Their computer-generated images of the molecules, which are 185,000 times smaller than the width of a human hair, offer researchers promising avenues for developing a drug that might impede HIV's cellular invasion, according to a study published online Thursday in the journal Science Express.

“We don’t have the whole scenario of what happens when HIV enters a cell, but this is going to be a major jigsaw-puzzle piece,” said Dr. P.J. Klasse, a virologist at Weill Cornell Medical College in New York, who was not part of the research team. “These authors have really accomplished a lot in explaining how the virus chooses between different co-receptors.”

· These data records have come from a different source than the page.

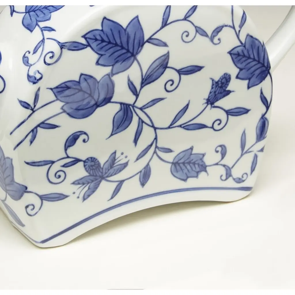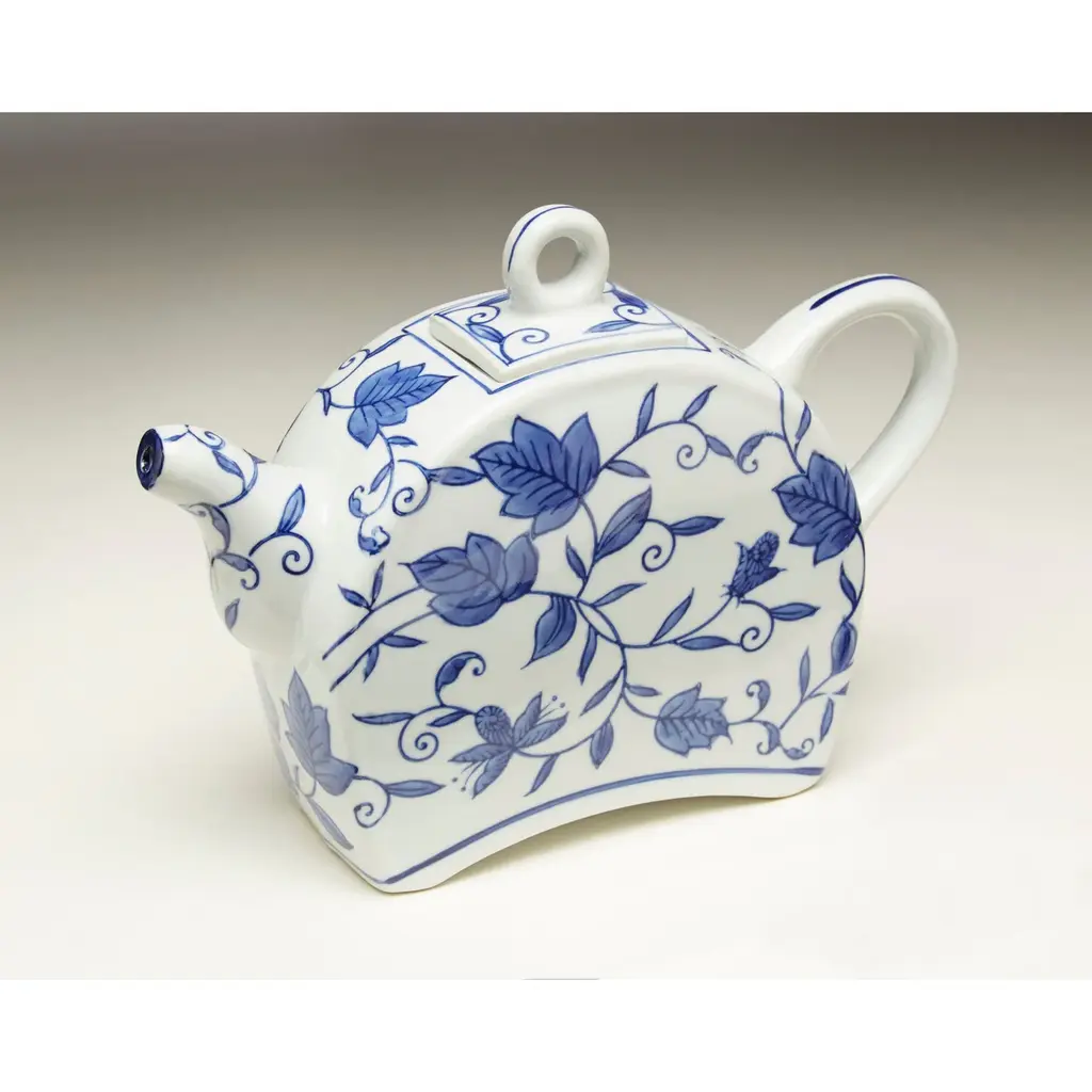 This Blue And White Teapot features Blue and white transferware porcelain with flower and leaf design. Lid is removable. It Measures 7 X 10 X 2.75 Inches, and makes a great gift.
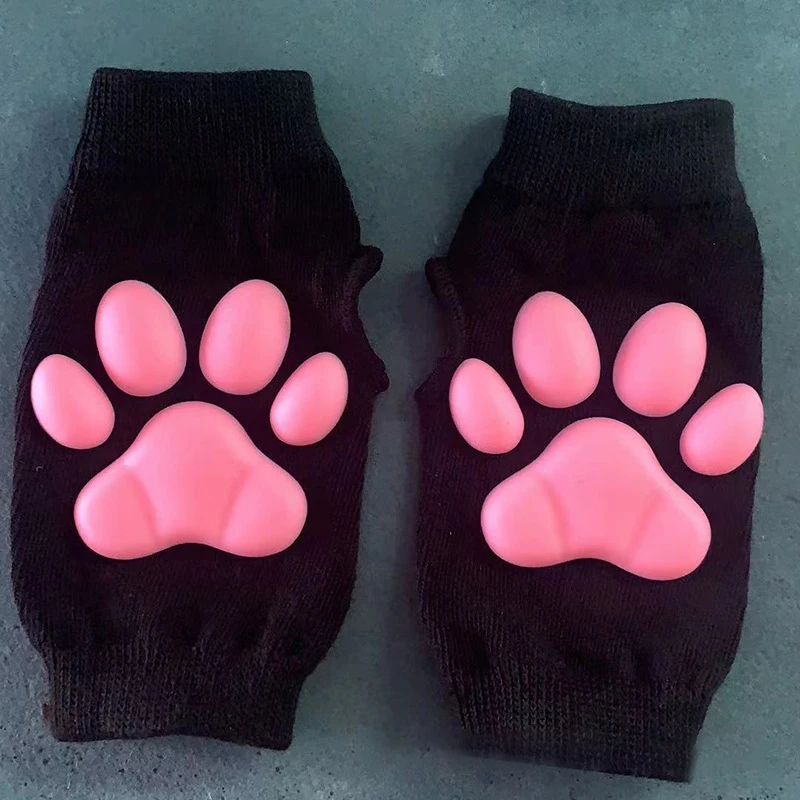 Милые носки выше колена с кошачьими лапками, 3D Силиконовые перчатки с кошачьими лапками, женские чулки до бедра для косплея для девочек, ночные клубы, Вечеринки На Хэллоуин
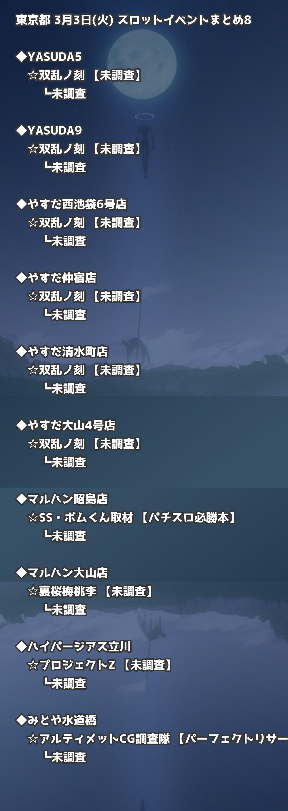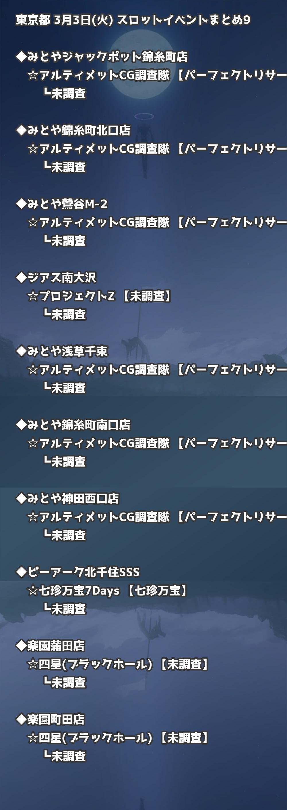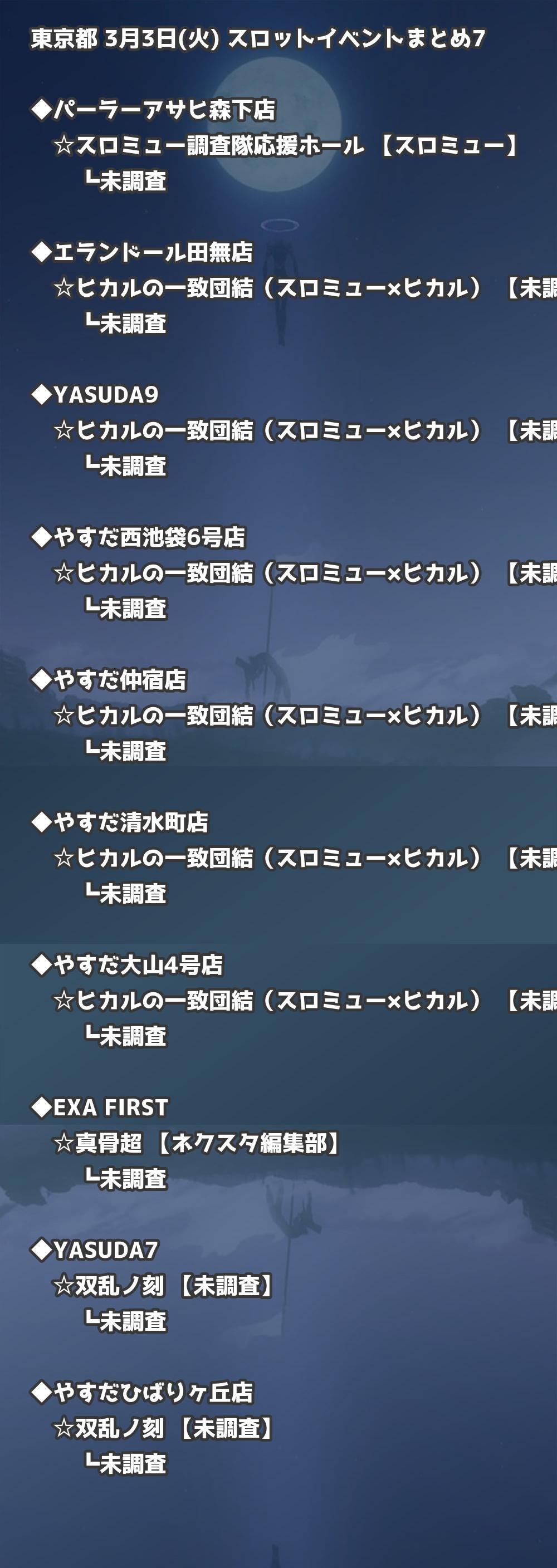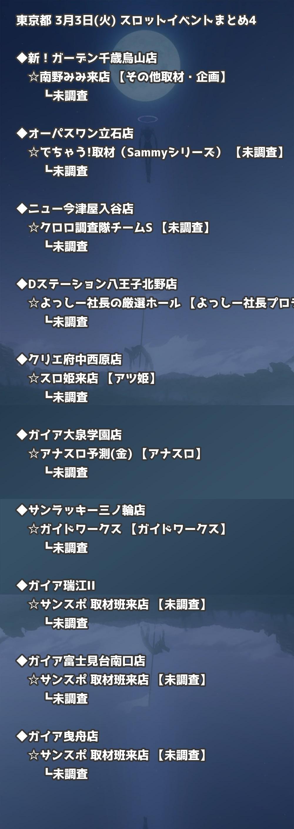 📊 東京都 3月3日(火) 勝てるパチンコ・スロット取材店舗一覧|おすすめ順

The researchers, based at the Shanghai Institute of Materia Medica and the Scripps Research Institute in La Jolla, Calif., sought to illustrate how proteins on the surface of the virus help it dock with the membrane of a victim's helper T-cells, a kind of white blood cell.

To do so, the immunodeficiency virus takes advantage of cell receptors, which are crucial to thousands of genetic signaling functions in living things from amoebas to animals. These unseen facilitators are largely responsible for how the body pulls off unique and complex tricks such as vision, smell and the firing of neurons. They also are central to inflammatory responses that can be the root of chronic disease.

HIV was known to take advantage of two such helpers in a class known as chemokine receptors. A member of the Shanghai-based team had helped solve the structure of one, CXCR4, while at Scripps, and researchers had developed a drug to impede the second co-receptor, CCR5, that is more commonly used by strains of HIV1. Together, the receptors trigger a process that allows the virus' membrane to fuse with the membrane of human T-helper lymphocytes and other vulnerable cells.

The Shanghai team used a crystallized form of the CCR5 receptor, bound to the blocking drug Maraviroc, to determine the receptor's structure. That enabled them to compare it with the structure of the other receptor to discern subtle differences.

“Our previous success … helped us to better understand the protein behavior of the more challenging CCR5 receptor,” lead researcher Beili Wu said in written remarks.

The images published Thursday reveal subtle differences in the “binding pockets” of the receptors. They also offer details about how Maraviroc (marketed as Selzentry) alters the shape of the receptor, indirectly blocking HIV’s invasion. The breakthrough could offer ways to improve the drug's effect or develop new pathways to defeating the virus.

“If you could unleash the trigger of the virus before it reaches the cell, you would for all practical purposes irreversibly inactivate, or to use more drastic language, kill the virus,” Klasse said.